Spotlight-Pushing the Envelope-September 2011
Open for business in late 2007, Plymouth-based iBuyOfficeSupply. com, an e-tailer of office products and furnishings, made $496,000 in sales in its first year. By 2010, that number swelled to $4.6 million, landing the company on Inc. magazine’s list of fastest-growing firms. The company is now on track to make $7.5 million in sales in 2011.
“A lot of people wonder how we compete with Staples or Office Depot or Office Max,” founder and owner Ron Weber says. “My answer to that is we wish that’s all we had to compete with.” Besides the hefty big-box retailers, there are thousands of smaller Internet vendors out there selling office supplies. So how does it compete?
Weber, who spent 25 years as a sales representative for office supply manufacturers and dealers, says he relies on a price-driven strategy to stay competitive. To keep its costs low, iBuy owns no warehouses and holds no inventory. Seventy percent of its orders are filled by two major wholesalers with about 90 warehouses scattered across the U.S. and Canada, an arrangement that allows for one-day delivery in most cases. The other 30 percent of sales are large orders filled directly by the manufacturer at discount prices.
iBuy has some 60,000 stock-keeping units (SKUs) of products. Clients range from individuals buying from their homes to small businesses, academic institutions, Fortune 500 companies, and the federal government.
Nicole Faraca of Savient Pharmaceuticals, a New Jersey–based manufacturer and a regular iBuy customer, says she found the Web site early this year while searching for low-price vendors. She adds that it’s the Minnesota company’s “exceptional service” that makes her keep coming back. A majority of iBuy’s eight employees, including Weber, are involved in helping customers find the right products.
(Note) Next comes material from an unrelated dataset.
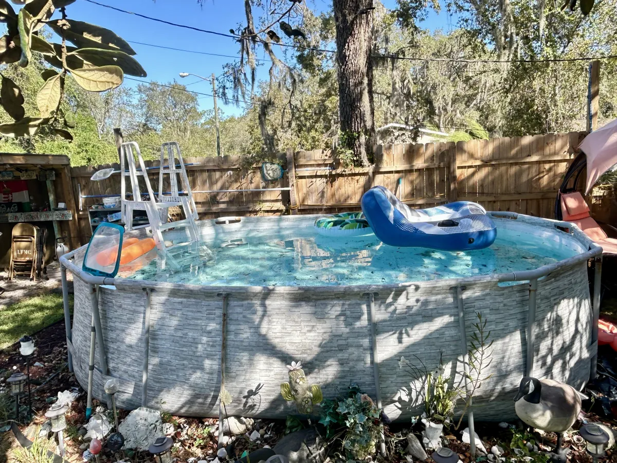 Outside, enjoy your own backyard retreat with an above-ground pool, covered gazebo, and wood-fired pizza oven—perfect for entertaining or relaxing. The partially fenced property includes handcrafted decorative fencing, a netted garden, a chicken coop, two storage sheds, and an older RV (2000) ready for rebuilding. Practical upgrades include an updated electrical panel (2022), well pump (2022), and a 700-gallon concrete septic tank in great condition with an updated drain field.
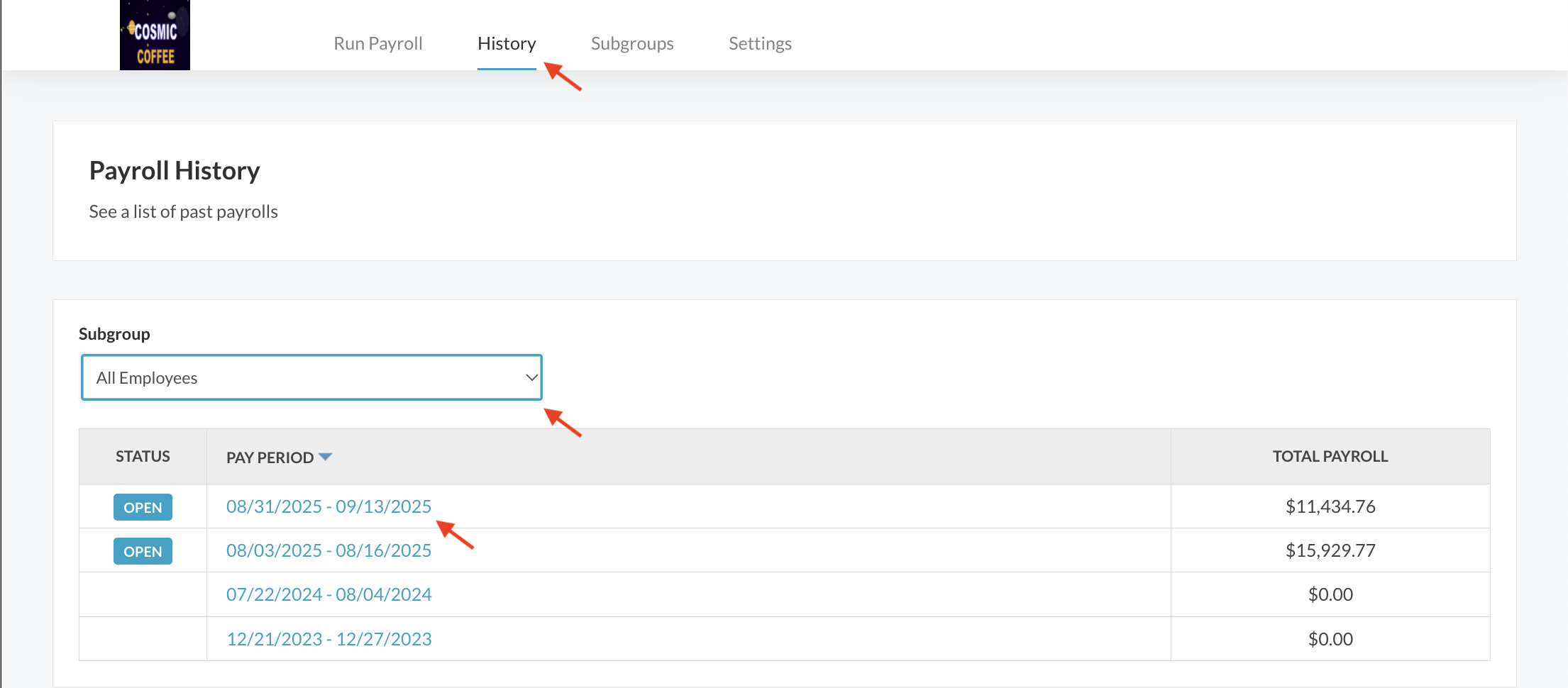 Once payroll is opened in BerniePortal, each run is stored in the “History” tab with a status indicator that tracks the payroll's progress through the processing workflow. To access: Log in to BerniePortal as the Global Administrator or a Payroll ...

A major challenge faced by Internet vendors, Weber says, is getting people to find them. As a result, a significant portion of iBuy’s profit margin goes into keyword advertising—ads targeted to the words typed into search engines like Google. iBuy advertises on specific SKU numbers or product names, instead of generic terms such as “office supplies.” This costs the company about a quarter per click, as opposed to roughly $6 that it would be spending per click for more popular terms. “And when people are searching for a specific product, we know they are looking to actually buy it,” Weber says.
iBuy also can be found on more than 1,000 affiliate Web sites, including Sears. com, and collects commissions on the sales they generate. With Google now placing higher relevance on pages with video, Weber is looking to add demo clips to some of iBuy’s product pages.